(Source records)
::::

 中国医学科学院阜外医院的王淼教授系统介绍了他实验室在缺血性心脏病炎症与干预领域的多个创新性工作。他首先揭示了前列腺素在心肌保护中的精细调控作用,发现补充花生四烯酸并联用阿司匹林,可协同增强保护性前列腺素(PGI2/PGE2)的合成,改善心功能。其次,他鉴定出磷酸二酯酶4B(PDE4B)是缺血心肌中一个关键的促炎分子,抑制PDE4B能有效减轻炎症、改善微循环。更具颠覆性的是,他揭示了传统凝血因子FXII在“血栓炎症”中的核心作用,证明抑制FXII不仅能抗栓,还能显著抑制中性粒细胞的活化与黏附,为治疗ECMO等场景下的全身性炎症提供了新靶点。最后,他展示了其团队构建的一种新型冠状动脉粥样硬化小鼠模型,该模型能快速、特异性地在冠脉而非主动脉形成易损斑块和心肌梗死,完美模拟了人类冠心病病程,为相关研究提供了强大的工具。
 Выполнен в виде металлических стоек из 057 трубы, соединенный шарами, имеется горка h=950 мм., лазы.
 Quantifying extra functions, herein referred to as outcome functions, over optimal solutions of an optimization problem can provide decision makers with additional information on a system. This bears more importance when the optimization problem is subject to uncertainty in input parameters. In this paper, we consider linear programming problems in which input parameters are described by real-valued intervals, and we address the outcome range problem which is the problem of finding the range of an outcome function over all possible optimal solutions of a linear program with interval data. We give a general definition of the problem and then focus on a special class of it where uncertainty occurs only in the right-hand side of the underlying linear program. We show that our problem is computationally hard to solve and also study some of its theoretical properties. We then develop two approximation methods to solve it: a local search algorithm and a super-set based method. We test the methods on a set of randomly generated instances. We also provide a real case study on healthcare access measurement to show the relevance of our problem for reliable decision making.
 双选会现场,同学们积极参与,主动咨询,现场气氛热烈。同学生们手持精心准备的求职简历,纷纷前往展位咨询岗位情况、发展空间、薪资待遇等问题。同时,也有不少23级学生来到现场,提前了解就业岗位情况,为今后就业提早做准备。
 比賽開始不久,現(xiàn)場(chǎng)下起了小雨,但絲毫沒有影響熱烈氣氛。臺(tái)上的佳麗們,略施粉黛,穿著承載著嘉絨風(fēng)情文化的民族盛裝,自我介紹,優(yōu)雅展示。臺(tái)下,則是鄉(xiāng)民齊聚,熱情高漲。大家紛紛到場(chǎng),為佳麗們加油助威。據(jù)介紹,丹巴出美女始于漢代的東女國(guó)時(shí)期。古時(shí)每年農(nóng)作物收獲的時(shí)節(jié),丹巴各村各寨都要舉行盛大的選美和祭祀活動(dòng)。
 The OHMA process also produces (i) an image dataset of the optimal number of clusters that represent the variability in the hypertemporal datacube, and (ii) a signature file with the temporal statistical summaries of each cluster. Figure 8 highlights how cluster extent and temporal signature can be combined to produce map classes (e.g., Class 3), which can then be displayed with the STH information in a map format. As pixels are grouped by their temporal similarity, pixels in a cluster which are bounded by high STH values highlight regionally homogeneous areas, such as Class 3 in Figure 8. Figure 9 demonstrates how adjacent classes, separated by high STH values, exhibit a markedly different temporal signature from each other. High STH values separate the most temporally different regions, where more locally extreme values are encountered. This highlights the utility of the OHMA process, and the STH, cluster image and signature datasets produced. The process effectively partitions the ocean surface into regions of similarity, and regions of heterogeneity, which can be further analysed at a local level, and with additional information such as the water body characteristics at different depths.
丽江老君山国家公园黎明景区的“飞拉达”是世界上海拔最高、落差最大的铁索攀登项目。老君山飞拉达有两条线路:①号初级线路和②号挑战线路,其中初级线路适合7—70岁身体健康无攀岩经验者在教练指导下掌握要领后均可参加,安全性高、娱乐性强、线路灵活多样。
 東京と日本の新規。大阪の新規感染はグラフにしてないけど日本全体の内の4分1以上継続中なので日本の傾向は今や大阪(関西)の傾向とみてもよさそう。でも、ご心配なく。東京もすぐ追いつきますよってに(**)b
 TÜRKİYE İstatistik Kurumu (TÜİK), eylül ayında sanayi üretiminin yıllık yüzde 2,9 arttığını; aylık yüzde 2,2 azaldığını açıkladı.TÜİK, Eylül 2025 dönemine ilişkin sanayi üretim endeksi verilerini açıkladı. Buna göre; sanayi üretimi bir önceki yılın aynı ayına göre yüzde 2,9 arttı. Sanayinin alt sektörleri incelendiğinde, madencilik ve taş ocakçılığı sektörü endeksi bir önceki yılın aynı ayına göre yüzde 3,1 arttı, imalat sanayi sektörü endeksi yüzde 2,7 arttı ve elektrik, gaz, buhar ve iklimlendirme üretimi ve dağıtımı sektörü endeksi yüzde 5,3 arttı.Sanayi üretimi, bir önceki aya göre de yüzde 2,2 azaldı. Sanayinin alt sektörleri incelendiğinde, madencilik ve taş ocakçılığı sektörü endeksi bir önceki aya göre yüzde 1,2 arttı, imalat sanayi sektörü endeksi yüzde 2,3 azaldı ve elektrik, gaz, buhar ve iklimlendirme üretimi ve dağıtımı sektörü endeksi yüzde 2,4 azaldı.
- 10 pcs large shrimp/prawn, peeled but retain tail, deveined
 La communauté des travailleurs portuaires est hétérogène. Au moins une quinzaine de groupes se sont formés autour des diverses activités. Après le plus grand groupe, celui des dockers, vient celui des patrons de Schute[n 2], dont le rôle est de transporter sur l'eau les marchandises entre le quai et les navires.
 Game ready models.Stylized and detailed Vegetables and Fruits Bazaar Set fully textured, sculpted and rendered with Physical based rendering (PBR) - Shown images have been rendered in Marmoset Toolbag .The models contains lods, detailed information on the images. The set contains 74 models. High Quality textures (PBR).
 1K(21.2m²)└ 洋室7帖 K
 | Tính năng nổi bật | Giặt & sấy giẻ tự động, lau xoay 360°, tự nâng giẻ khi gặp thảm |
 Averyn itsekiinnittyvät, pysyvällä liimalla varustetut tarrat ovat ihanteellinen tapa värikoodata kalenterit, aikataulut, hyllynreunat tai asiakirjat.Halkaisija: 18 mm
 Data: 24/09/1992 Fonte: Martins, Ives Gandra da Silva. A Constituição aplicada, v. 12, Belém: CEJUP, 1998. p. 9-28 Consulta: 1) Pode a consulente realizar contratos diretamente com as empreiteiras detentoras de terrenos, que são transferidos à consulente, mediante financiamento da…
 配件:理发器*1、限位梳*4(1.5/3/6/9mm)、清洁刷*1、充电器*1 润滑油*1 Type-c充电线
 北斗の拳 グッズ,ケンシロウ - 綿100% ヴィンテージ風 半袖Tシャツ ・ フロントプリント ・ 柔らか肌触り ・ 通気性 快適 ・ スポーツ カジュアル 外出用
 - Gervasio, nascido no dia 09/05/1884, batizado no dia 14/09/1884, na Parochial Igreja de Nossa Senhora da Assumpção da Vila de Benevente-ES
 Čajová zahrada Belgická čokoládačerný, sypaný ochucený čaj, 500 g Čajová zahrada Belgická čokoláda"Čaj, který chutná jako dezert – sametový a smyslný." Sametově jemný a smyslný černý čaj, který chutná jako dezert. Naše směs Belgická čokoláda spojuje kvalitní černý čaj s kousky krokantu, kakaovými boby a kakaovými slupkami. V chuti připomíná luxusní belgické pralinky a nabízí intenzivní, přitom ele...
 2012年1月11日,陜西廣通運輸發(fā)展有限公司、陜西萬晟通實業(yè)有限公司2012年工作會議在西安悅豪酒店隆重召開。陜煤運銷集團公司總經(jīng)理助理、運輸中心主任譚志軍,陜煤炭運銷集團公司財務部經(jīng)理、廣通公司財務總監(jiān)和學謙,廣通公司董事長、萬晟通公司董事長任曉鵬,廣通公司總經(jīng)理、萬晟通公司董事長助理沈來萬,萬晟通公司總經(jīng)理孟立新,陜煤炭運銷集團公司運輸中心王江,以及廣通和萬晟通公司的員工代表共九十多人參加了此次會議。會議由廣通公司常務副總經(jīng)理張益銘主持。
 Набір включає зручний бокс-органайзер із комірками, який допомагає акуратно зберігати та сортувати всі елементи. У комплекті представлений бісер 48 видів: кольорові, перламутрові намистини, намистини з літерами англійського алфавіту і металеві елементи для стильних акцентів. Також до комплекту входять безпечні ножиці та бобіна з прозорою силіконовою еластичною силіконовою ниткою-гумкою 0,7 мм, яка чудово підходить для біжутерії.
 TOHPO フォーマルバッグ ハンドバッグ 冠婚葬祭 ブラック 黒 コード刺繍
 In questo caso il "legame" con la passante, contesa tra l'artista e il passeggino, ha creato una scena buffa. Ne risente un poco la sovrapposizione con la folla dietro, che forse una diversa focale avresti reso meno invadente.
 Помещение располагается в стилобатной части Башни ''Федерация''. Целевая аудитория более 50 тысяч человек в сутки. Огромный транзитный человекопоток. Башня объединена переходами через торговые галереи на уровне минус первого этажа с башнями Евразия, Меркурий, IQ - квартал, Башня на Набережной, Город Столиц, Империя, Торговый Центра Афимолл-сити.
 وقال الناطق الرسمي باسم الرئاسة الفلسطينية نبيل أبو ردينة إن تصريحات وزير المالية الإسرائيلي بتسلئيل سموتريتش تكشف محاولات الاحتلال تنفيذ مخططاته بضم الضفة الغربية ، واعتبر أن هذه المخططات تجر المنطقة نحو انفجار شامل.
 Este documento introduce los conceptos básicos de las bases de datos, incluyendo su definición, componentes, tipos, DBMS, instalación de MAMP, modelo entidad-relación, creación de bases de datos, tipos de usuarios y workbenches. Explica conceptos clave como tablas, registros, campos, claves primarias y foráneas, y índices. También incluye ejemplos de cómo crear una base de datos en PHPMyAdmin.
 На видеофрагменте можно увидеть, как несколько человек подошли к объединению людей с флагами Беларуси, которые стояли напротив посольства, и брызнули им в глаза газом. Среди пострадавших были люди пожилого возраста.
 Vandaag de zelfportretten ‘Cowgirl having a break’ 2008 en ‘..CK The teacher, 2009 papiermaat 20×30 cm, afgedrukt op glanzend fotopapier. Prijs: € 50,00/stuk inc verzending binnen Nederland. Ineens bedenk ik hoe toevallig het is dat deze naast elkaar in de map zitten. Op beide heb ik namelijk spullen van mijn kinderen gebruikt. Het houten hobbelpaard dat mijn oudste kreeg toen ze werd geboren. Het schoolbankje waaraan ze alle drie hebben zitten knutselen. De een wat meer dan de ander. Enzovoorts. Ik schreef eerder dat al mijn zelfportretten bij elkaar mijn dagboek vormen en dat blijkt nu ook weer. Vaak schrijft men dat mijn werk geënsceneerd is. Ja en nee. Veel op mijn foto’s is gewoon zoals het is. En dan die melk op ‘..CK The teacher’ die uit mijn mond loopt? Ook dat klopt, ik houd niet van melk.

::::

* [WHAT TO DO] Looking back over the data above, restate word for word the lines that begin at the line with "Data: 24/09/1992 Fonte: Martins, Ives" and end at the line with "In questo caso", inclusive.

* [WRITTEN REPLY]
 Data: 24/09/1992 Fonte: Martins, Ives Gandra da Silva. A Constituição aplicada, v. 12, Belém: CEJUP, 1998. p. 9-28 Consulta: 1) Pode a consulente realizar contratos diretamente com as empreiteiras detentoras de terrenos, que são transferidos à consulente, mediante financiamento da…
 配件:理发器*1、限位梳*4(1.5/3/6/9mm)、清洁刷*1、充电器*1 润滑油*1 Type-c充电线
 北斗の拳 グッズ,ケンシロウ - 綿100% ヴィンテージ風 半袖Tシャツ ・ フロントプリント ・ 柔らか肌触り ・ 通気性 快適 ・ スポーツ カジュアル 外出用
 - Gervasio, nascido no dia 09/05/1884, batizado no dia 14/09/1884, na Parochial Igreja de Nossa Senhora da Assumpção da Vila de Benevente-ES
 Čajová zahrada Belgická čokoládačerný, sypaný ochucený čaj, 500 g Čajová zahrada Belgická čokoláda"Čaj, který chutná jako dezert – sametový a smyslný." Sametově jemný a smyslný černý čaj, který chutná jako dezert. Naše směs Belgická čokoláda spojuje kvalitní černý čaj s kousky krokantu, kakaovými boby a kakaovými slupkami. V chuti připomíná luxusní belgické pralinky a nabízí intenzivní, přitom ele...
 2012年1月11日,陜西廣通運輸發(fā)展有限公司、陜西萬晟通實業(yè)有限公司2012年工作會議在西安悅豪酒店隆重召開。陜煤運銷集團公司總經(jīng)理助理、運輸中心主任譚志軍,陜煤炭運銷集團公司財務部經(jīng)理、廣通公司財務總監(jiān)和學謙,廣通公司董事長、萬晟通公司董事長任曉鵬,廣通公司總經(jīng)理、萬晟通公司董事長助理沈來萬,萬晟通公司總經(jīng)理孟立新,陜煤炭運銷集團公司運輸中心王江,以及廣通和萬晟通公司的員工代表共九十多人參加了此次會議。會議由廣通公司常務副總經(jīng)理張益銘主持。
 Набір включає зручний бокс-органайзер із комірками, який допомагає акуратно зберігати та сортувати всі елементи. У комплекті представлений бісер 48 видів: кольорові, перламутрові намистини, намистини з літерами англійського алфавіту і металеві елементи для стильних акцентів. Також до комплекту входять безпечні ножиці та бобіна з прозорою силіконовою еластичною силіконовою ниткою-гумкою 0,7 мм, яка чудово підходить для біжутерії.
 TOHPO フォーマルバッグ ハンドバッグ 冠婚葬祭 ブラック 黒 コード刺繍
 In questo caso il "legame" con la passante, contesa tra l'artista e il passeggino, ha creato una scena buffa. Ne risente un poco la sovrapposizione con la folla dietro, che forse una diversa focale avresti reso meno invadente.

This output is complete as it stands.